Experimental and numerical study of settling of dual cubes released side-by-side

In this study, the settling behaviour of two cubes and two spheres released side-by-side in a quiescent fluid is investigated through both experimental and numerical simulation approaches. Particle Tracking Velocimetry (PTV) and Particle Image Velocimetry (PIV) are employed to capture particle trajectories, settling velocities, and the surrounding flow fields. Concurrently, coupled Smoothed Particle Hydrodynamics–Distributed Contact Discrete Element Method (SPH-DCDEM) simulation is performed to reveal detailed three-dimensional flow structures and pressure distributions.
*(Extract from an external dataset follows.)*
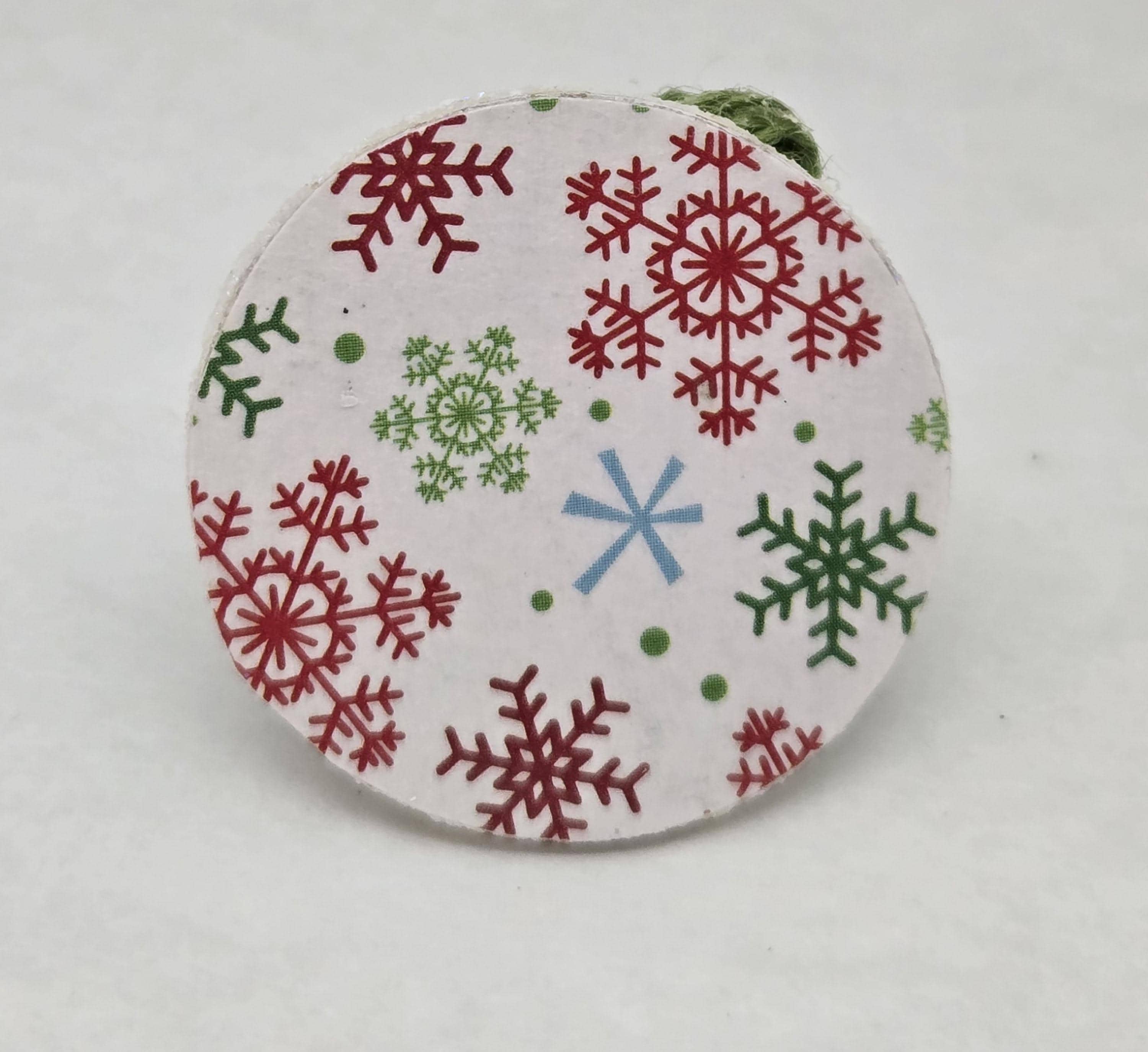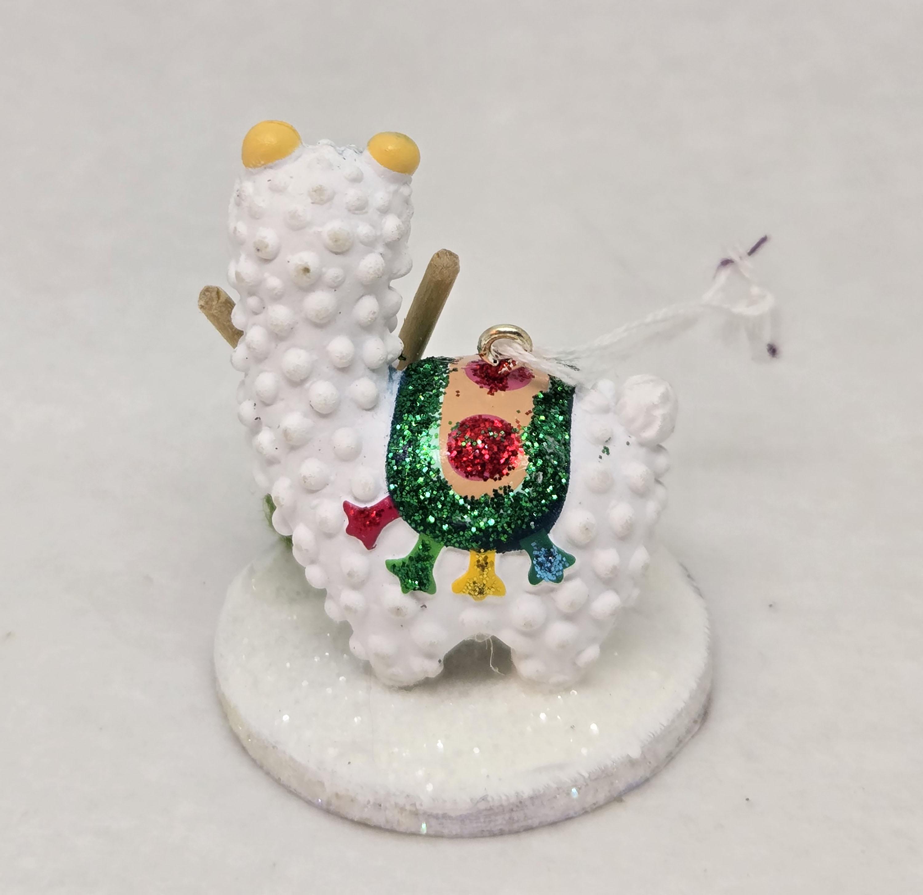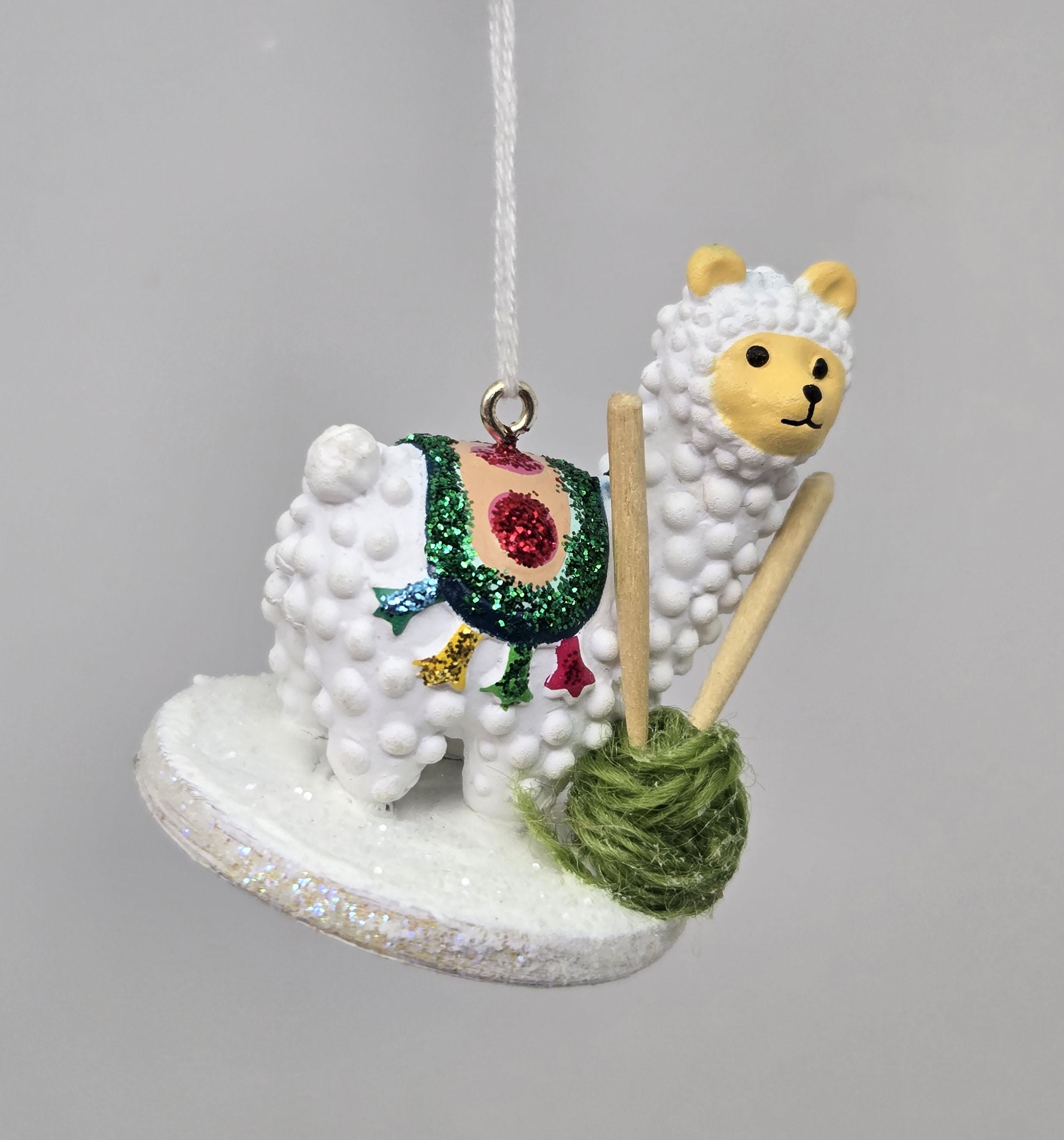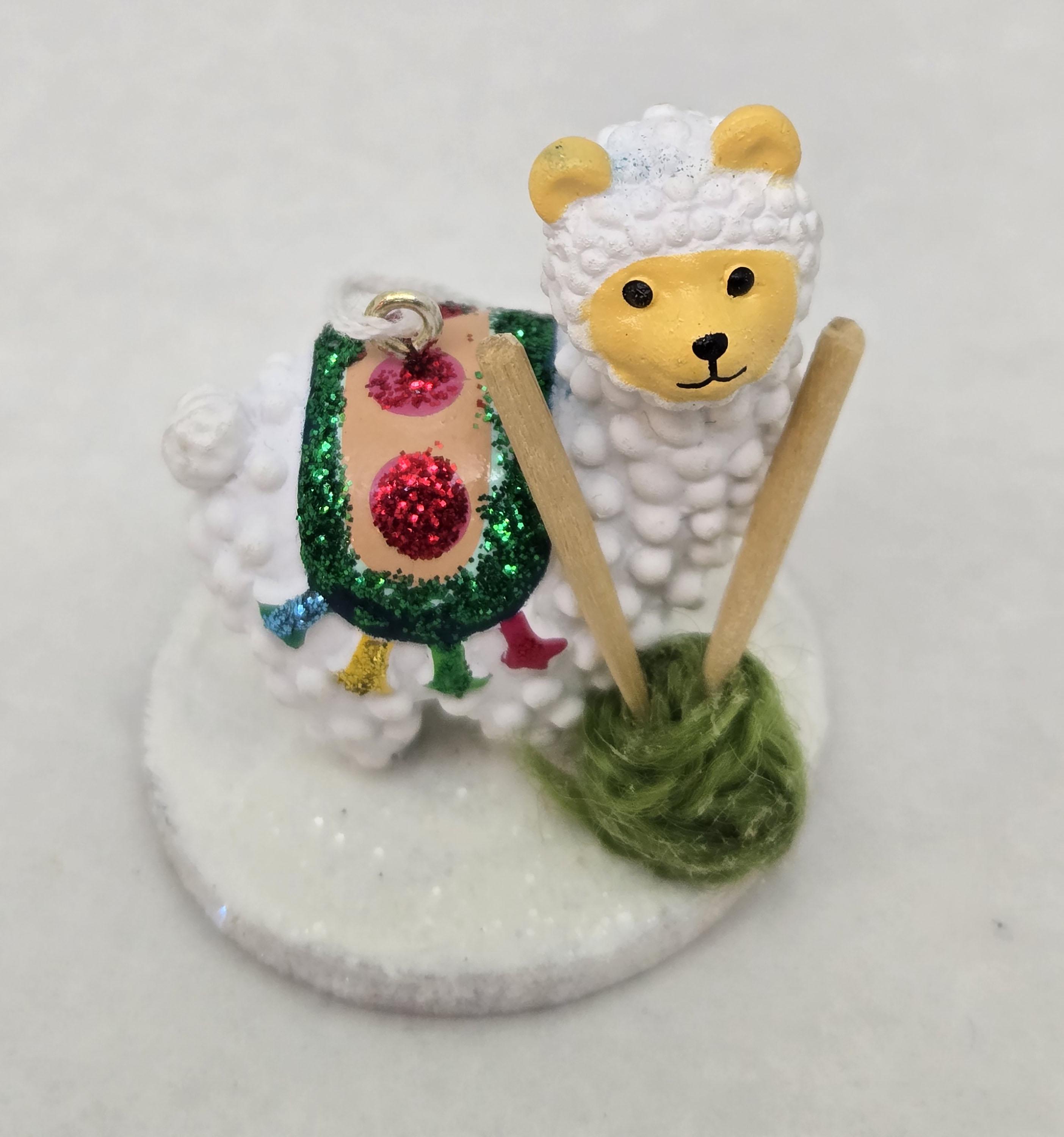 One of a kind, handcrafted adorable Alpaca Knitting Ornament. This ornament is the perfect size for a small Christmas Tree. I think these miniatures are also fun to hang on a gift bag or wrapped present. The alpaca is plastic. The knitting accessory is made with yarn and toothpicks. The base of the ornament is a wood disc. The bottom is covered with scrapbook paper sealed with decoupage. The sides are covered with decorative tape and the top with artificial snow.

The results indicate that the initial particle spacing significantly affects the settling dynamics by altering the flow patterns between the two particles and influencing their rotational motion. In extreme cases, it even modifies the overall particle trajectories from the typical three-stage process to a four-stage process. Moreover, the cubic shape induces flatter streamlines, stronger recirculation zones and wake structures, and a distinct region of horizontal reverse flow. Regions of high vorticity and high pressure are alternately distributed along the edges and faces of the cubes. A strong coupling is found between the flow field structure and the particle’s motion, and the evolution of particle trajectories is elucidated by analysing the development of pressure distribution over the entire settling process. By decoupling the multiple effects driving free settling dynamics, the repulsion mechanisms are clarified and the force magnitudes quantified. These findings deepen our understanding of the settling behaviour of non-spherical particles and offer valuable insights for predicting particle dynamics in environmental and industrial applications.